Extraordinary Means
When he said it like that, it sounded terrible. Like we’d been up to something awful. Like it was our fault.
“But they can’t really punish us, can they?” I asked.
They all stared at me like they couldn’t believe they had to spell it out.
“Are you kidding?” Nick said. “We get kicked out of here, we’re out of the drug trial.”
The drug trial. It was one of the reasons my parents had sent me to Latham, after all, instead of one of the cheaper, public places. Instead of the holistic hot springs, or the homeopathic place where everyone slept in yurts and farmed their own kale. Latham gave us med sensors, and sent that data to researchers, and it put us at the top of the treatment list for any experimental drug trials. Like the one for protocillin.
Nick was right, and we all knew it.
“Okay,” Marina said. “So we walk away.”
“We walk away,” I agreed.
“Like we were never here,” Sadie said hoarsely.
“Like we have no idea Charlie isn’t asleep in his room,” Nick said. “None of us gets in trouble, and in a couple of hours, it will all be over.”
Except that’s the thing about dying, or experiencing death.
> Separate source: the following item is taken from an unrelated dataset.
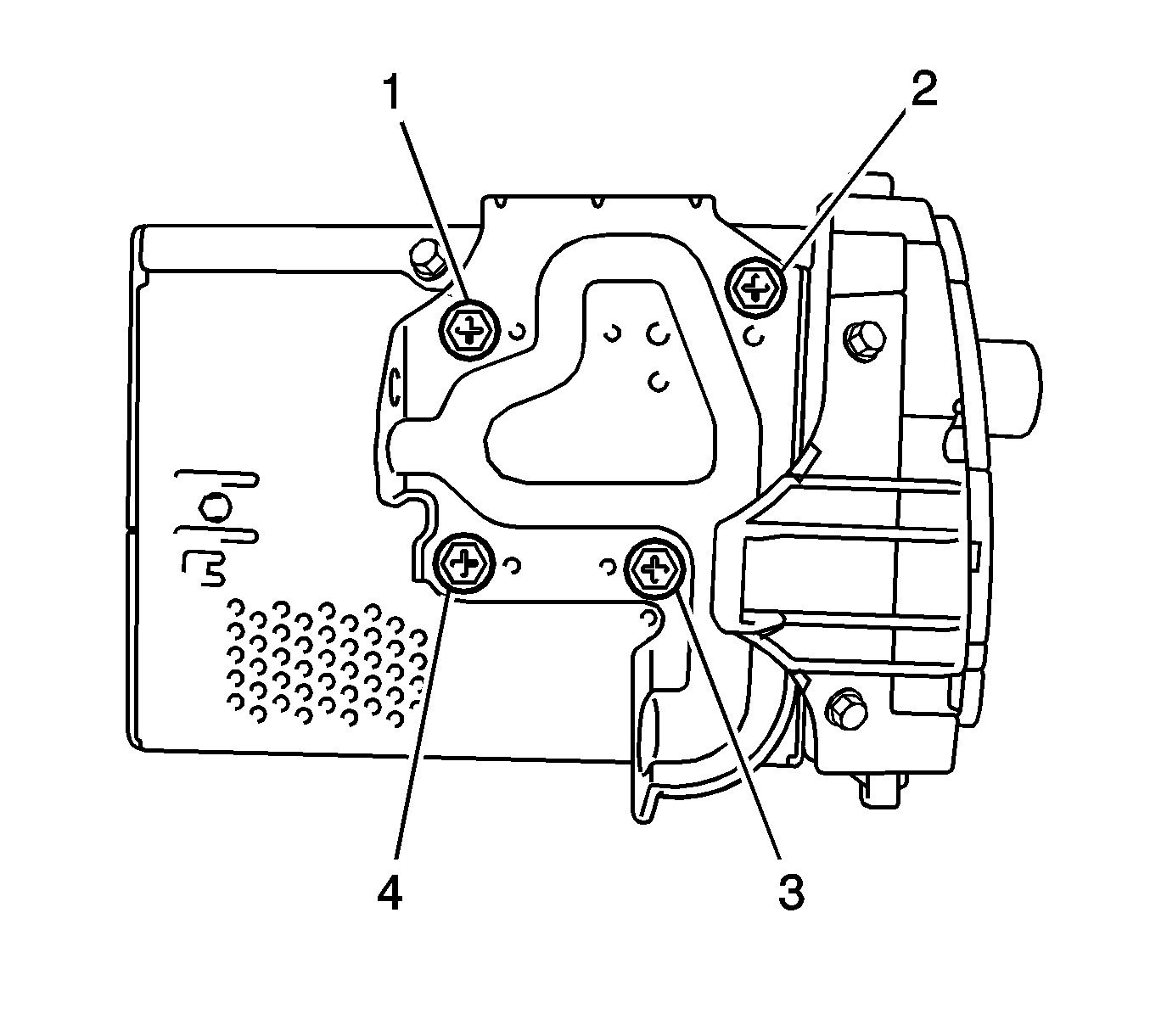 - Install the 4 bolts (1),(2),(3),(4) which secure the radio.

It happens, but it’s never over. So we stood there one final moment together. And then, slowly, regretfully, we walked away.
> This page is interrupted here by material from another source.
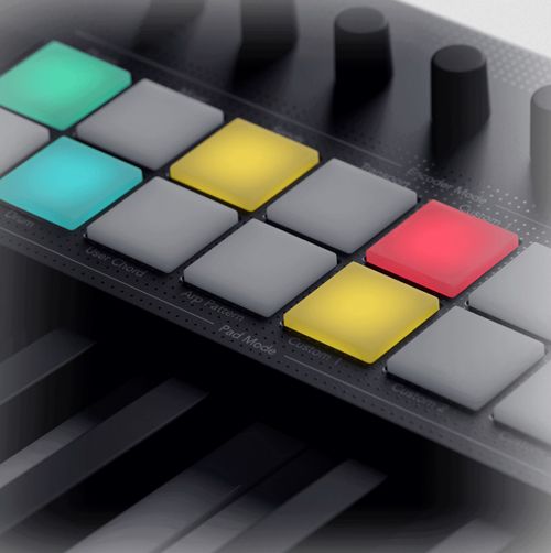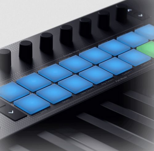 Launchkey Mini 25 оснащен запатентованными чувствительными к силе нажатия пэдами FSR с полифоническим послекасанием для предпочитающих драмминг. Каждый пэд использует уникальный радиальный датчик для большей чувствительности и стабильности, обеспечивая более четкое и выразительное исполнение. Их также можно настроить на воспроизведение аккордов или индивидуальных нот с полифоническим послекасанием.

I WOKE THE next morning convinced it had been a bad dream. And then I looked down at the tangle of mud-streaked sheets, and at my filthy sneakers, and was horrified to realize it had actually happened.
It was early, and Sunday, which meant breakfast began slightly later than usual. My head was pounding, and my mouth tasted terrible, but I dragged myself out of bed. I put my sheets down the contaminated laundry chute and rinsed my sneakers in the shower.
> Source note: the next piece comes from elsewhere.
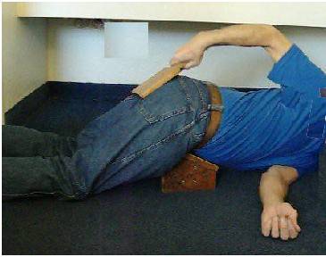 Assuming you are right-handed, rest the back part of the left upper arm from the shoulder to the elbow on the floor, twist around slightly and grip the self-applied paddle with the right hand. Grasp the back of the meditation seat with your left hand. Place the paddle on the bottom, right where the spank will land. Now raise the paddle in the air and give the buns an arm-swing, wrist-action smack!, right on the sweet spot. Then give them another. Around five units should bring you to the punishment point, but this is subjective. That it is actually at that point should be a matter of honor. So also with each punishment unit. There should never be more than seven units in total. Remember that the paddle does more damage than you think -- you will become aware of that later in the day and week. One of the ways that spanking discipline works is that we remember it when we sit down. There is a natural tendency to repress punishment, and these constant reminders are really very corrective.

Breakfast was an ordeal. I don’t know how any of us managed to act normally. We were all pale and gray from the alcohol, and just the sight of pancakes and eggs made my stomach churn unpleasantly. But I piled my tray high, because I didn’t know what I’d do if Linda made me go back through. And then the four of us sat around our table, wan and silent, while the rest of the dining hall talked and laughed and hummed with energy.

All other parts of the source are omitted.